== Dataset excerpt ==

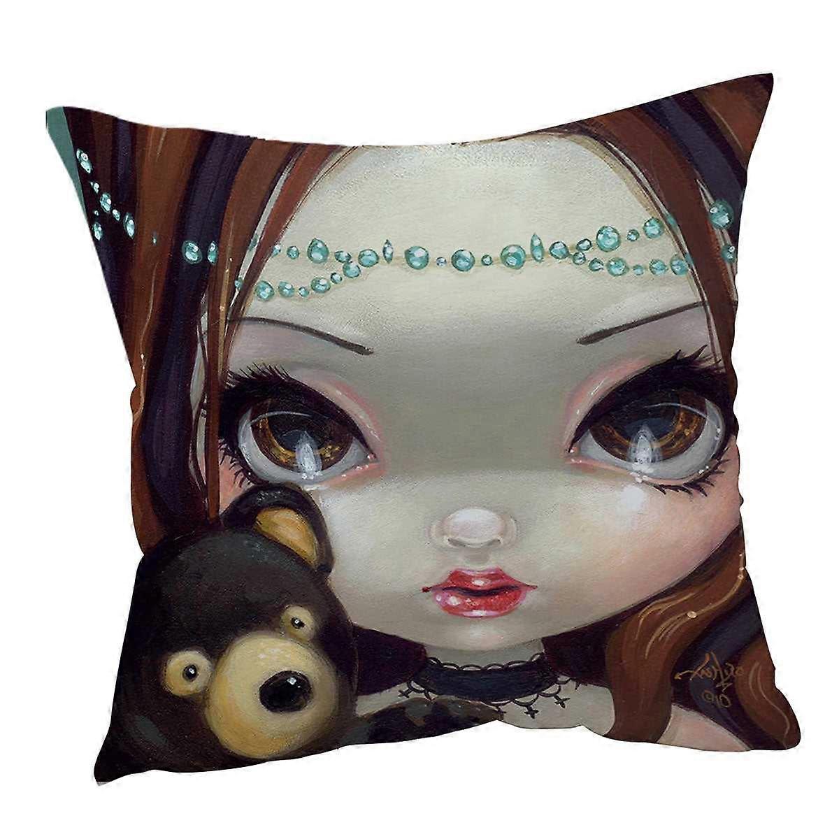 Faces of Faery #69 Princess Girl with Teddy Bear Cushion Cover
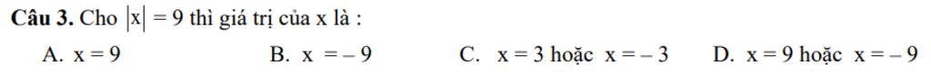 `=>` Chọn `D.` `x=9` hoặc `x=-9`
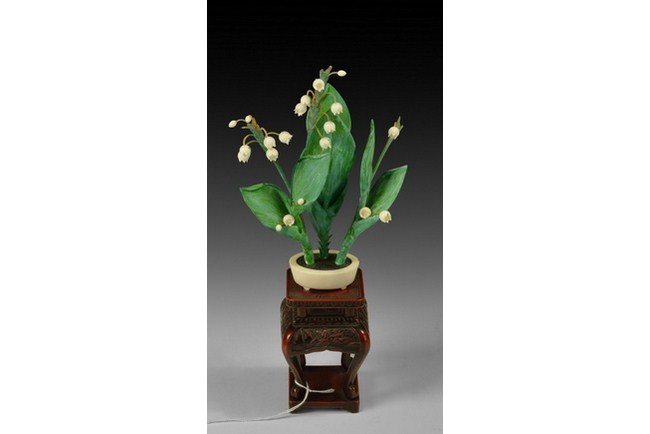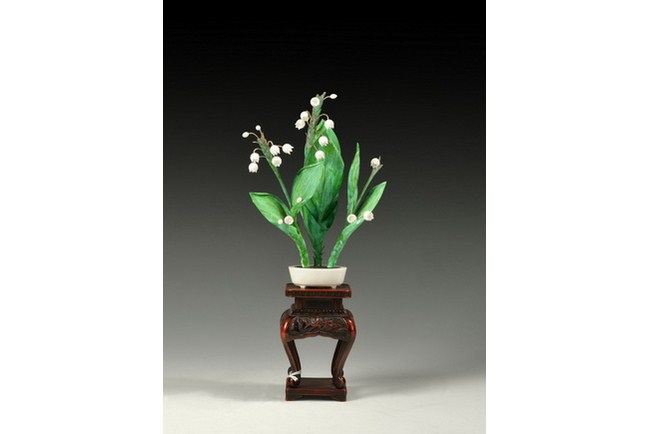 The ivory carved narcissus flower planter has three main stems, with six separate leaves, fifteen blooming flowers, and five bulbs. The stand is made of carved lacquer, depicting a round flower stand.

===

Exercise brief: Restate the data above word for word, omitting every picture.

Output for this task:
 Faces of Faery #69 Princess Girl with Teddy Bear Cushion Cover
 `=>` Chọn `D.` `x=9` hoặc `x=-9`
 The ivory carved narcissus flower planter has three main stems, with six separate leaves, fifteen blooming flowers, and five bulbs. The stand is made of carved lacquer, depicting a round flower stand.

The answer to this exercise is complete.